Greece and its international lenders have made progress in negotiations on economic reforms, a Greek government official said yesterday, but a final accord needed to unlock badly needed bailout loans remained elusive. 
Talks on pension reforms, tax hikes, privatisations and the management of bad loans resumed this week in Athens with the aim of reaching an agreement on the package before eurozone finance ministers meet in Amsterdam on Friday to assess the progress. 
“There was significant convergence, more than in the past days,” a Greek government official said, adding that this concerned especially pension reforms and bad loans. 
The main sticking point in the talks, which have dragged on for months, concerns fiscal issues, as EU institutions and the International Monetary Fund differ on whether it can meet a primary surplus target equal to 3.5% of gross domestic product in 2018. A primary surplus excludes interest payments. 

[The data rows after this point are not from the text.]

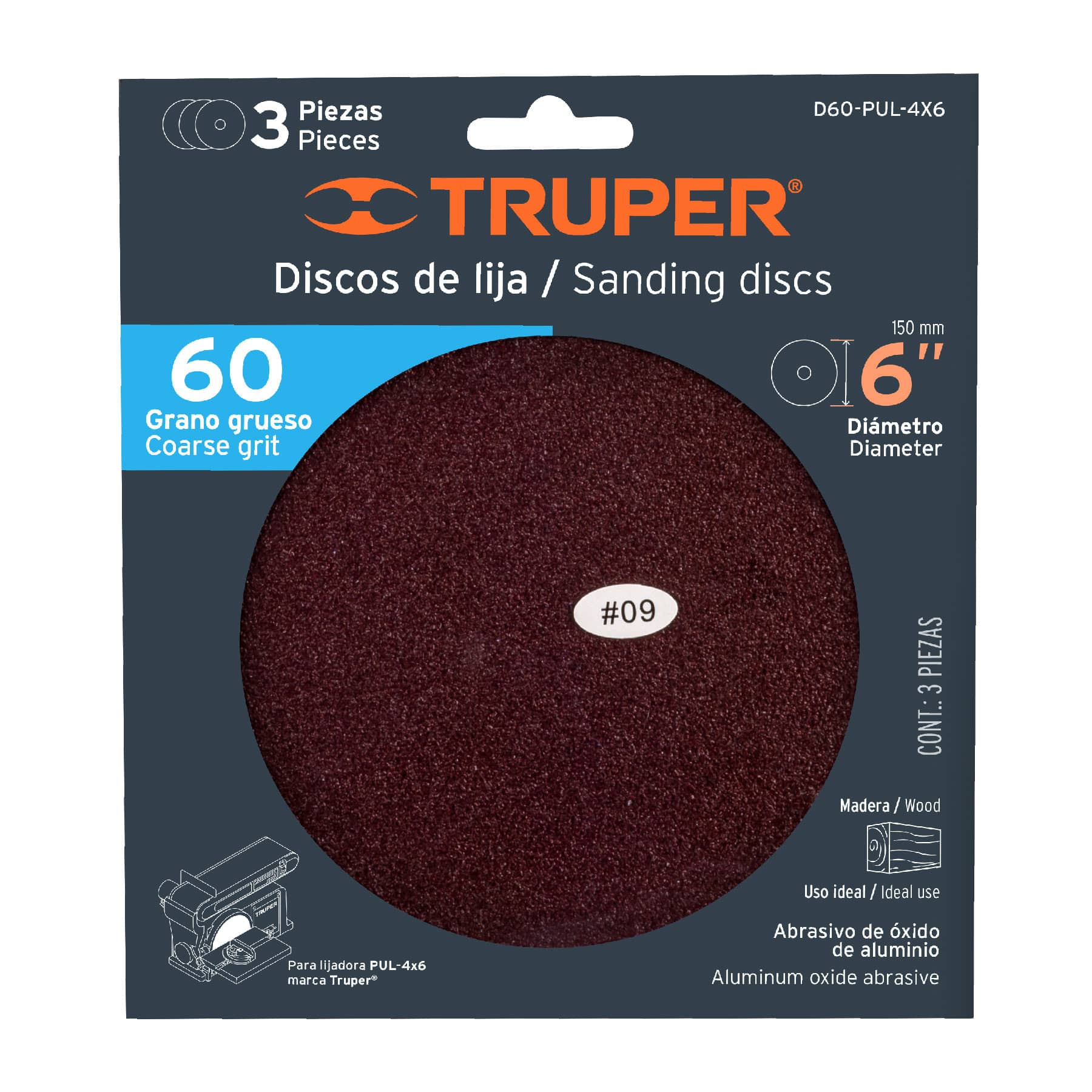 Paquete con 3 discos de lija 6" grano 60, para PUL-4X6T
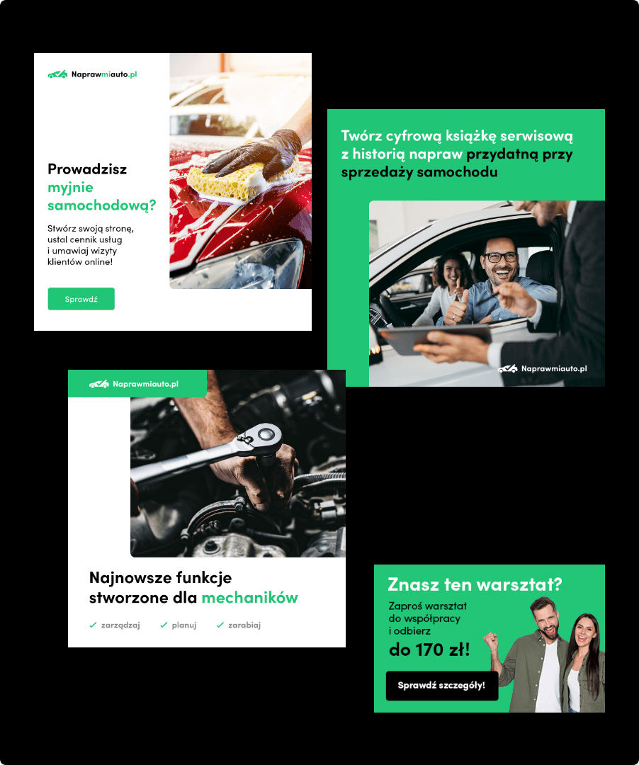 Po przygotowaniu platformy do skalowania uruchomiliśmy działania marketingowe dopasowane do każdej z grup użytkowników. Kampanie wspierały pozyskiwanie warsztatów poprzez lead generation oraz budowały świadomość wśród kierowców za pomocą działań digitalowych.
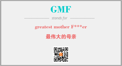 上述内容是“greatest mother F***er”作为“GMF”的缩写,解释为“最伟大的母亲”时的信息,以及英文缩略词GMF所代表的英文单词,其对应的中文拼音、详细解释以及在英文中的流行度和相关分类、应用领域及应用示例等。
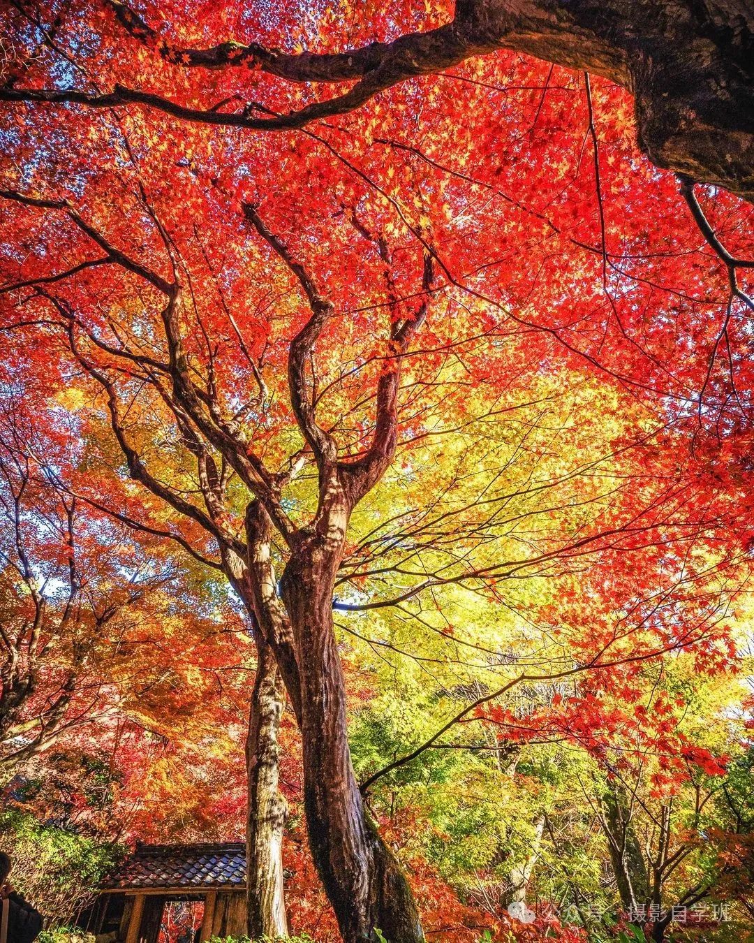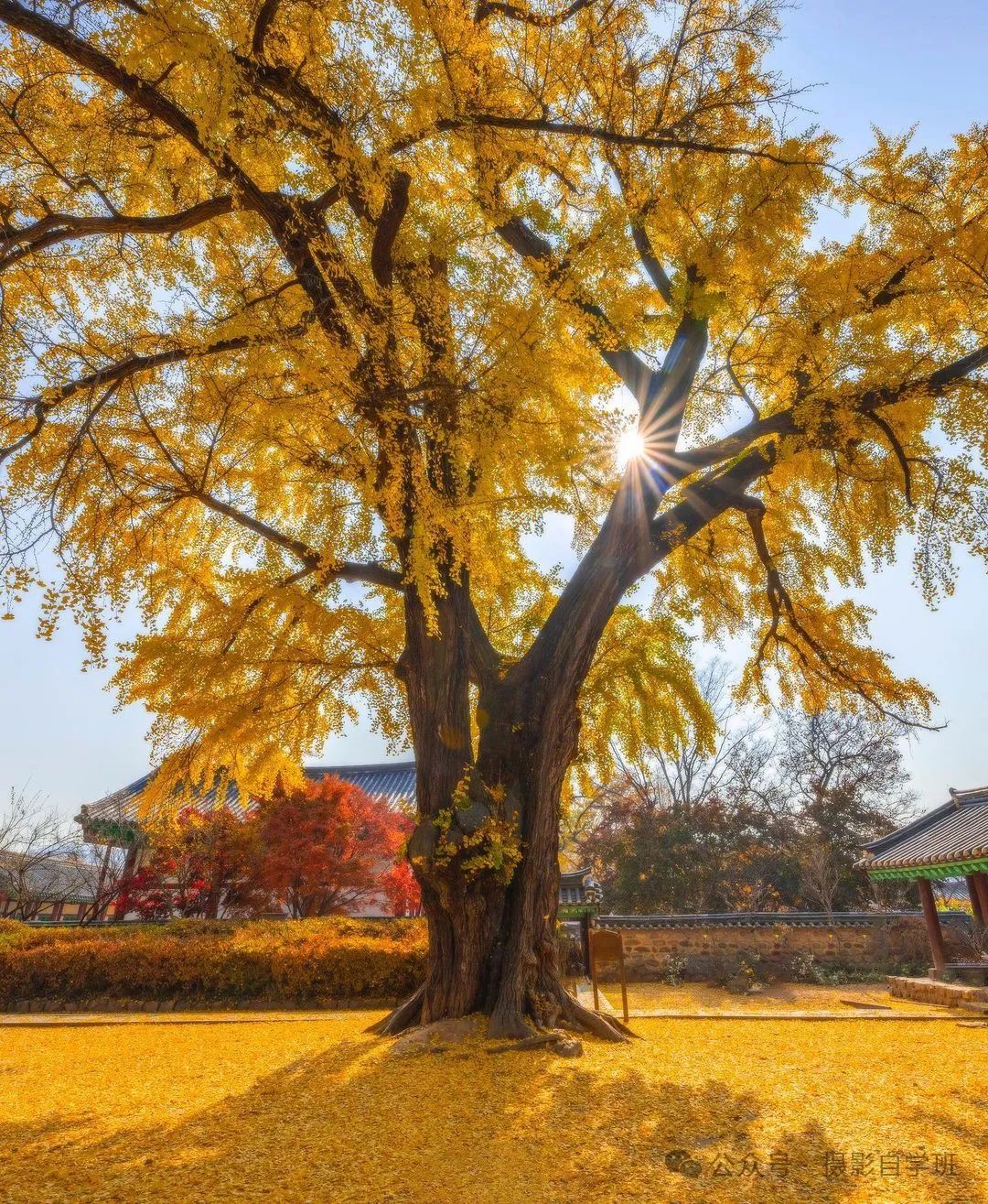 寻找一棵颜色鲜明、形态独特的树木作为主体,如照片中的金黄大树。利用手机相机的微距功能,细致捕捉树叶上的光斑与纹理,展现阳光的穿透力与树叶的质感。同时,将周围的红绿树木及传统建筑作为陪衬,讲述一个关于季节变换与人文融合的故事。适当降低曝光补偿,让金色更加饱满,落叶的铺设则为画面增添一份静谧与岁月的痕迹。

The IMF considers EU assumptions too optimistic and sees Athens achieving a 1.5% primary surplus in 2018, unless it receives debt relief and takes additional austerity measures. 
To reach a compromise, the lenders have suggested that Athens adopt measures proposed by EU institutions now and agree to implement additional reforms, worth up to 2% of GDP, if it misses its 2018 bailout targets. 

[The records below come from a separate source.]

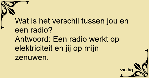 Antwoord: Een radio werkt op elektriciteit en jij op mijn zenuwen.
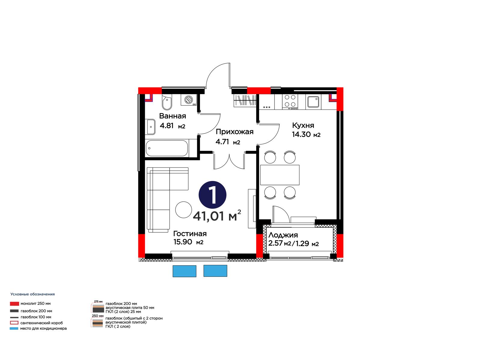 1-комн., 41.27 м², 5 этаж из 9 г. Астана, ЖК Lavita
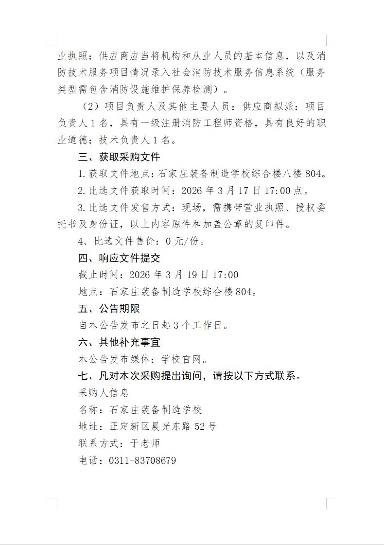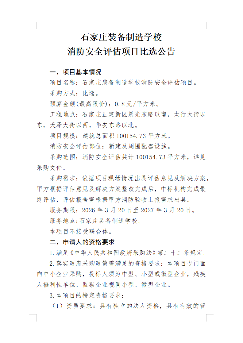 石家庄装备制造学校消防安全评估项目比选公告 发布时间:2026-03-17
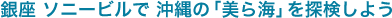 ソニービル屋外のイベントスペース ソニースクエアには、14トンの大型水槽を設置して本物の魚たちが泳ぎ、館内では沖縄の海とそこに棲む様々な生き物たちをハイビジョン映像として再現します。
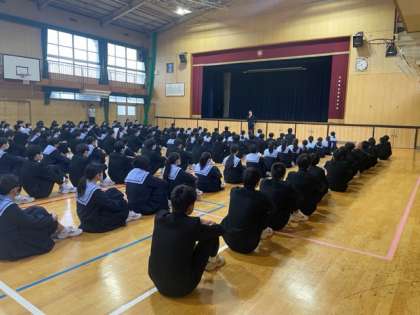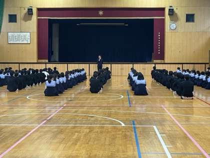 3年生、朝の学年集会です。
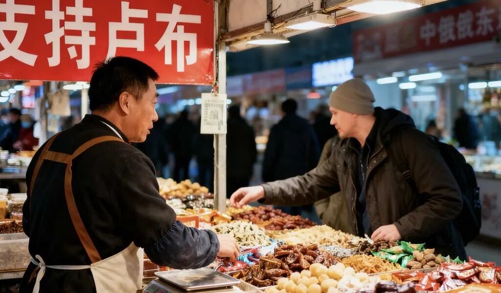 俄语路牌与“卢布结算”标识并肩而立,“退税商店”里境外游客忙着挑选特产,珲春口岸的通关队伍中,每张笑脸都透着对消费体验的期待。

But adopting contingent measures would be a tough task for the left-led government, which has a thin parliamentary majority and needs to conclude the review in order to unlock bailout funds to pay maturing debt owed to the IMF and the European Central Bank in July.  Negotiations will probably resume after Friday’s Eurogroup.  “A good sign will be if tomorrow’s Eurogroup makes an announcement that there will be a second extraordinary (Eurogroup) meeting,” the government official said. 
Due to their different growth and fiscal performance assumptions, international lenders also remain divided over whether Greece needs debt relief. 
The IMF wants a compromise on this issue before concluding the review, while euro zone countries, and in particular Germany, want to first end the review and then start talking about possible debt relief for Athens. 
The European Commission said yesterday that Greece had a primary budget surplus last year, beating the target set in its bailout programme. 
Greece believes the positive data can help conclude the review, signalling a better 2016 performance and cementing its position that it can achieve its 2018 fiscal targets without being forced to legislate contingent measures now. 
“Greece ... does not need extra measures. What Greece needs, is an essential debt relief,” Prime Minister Alexis Tsipras told Euronews. 
But the Commission announcement on Thursday may change little. “It is irrelevant because it had been fully discounted beforehand,” one senior eurozone official said.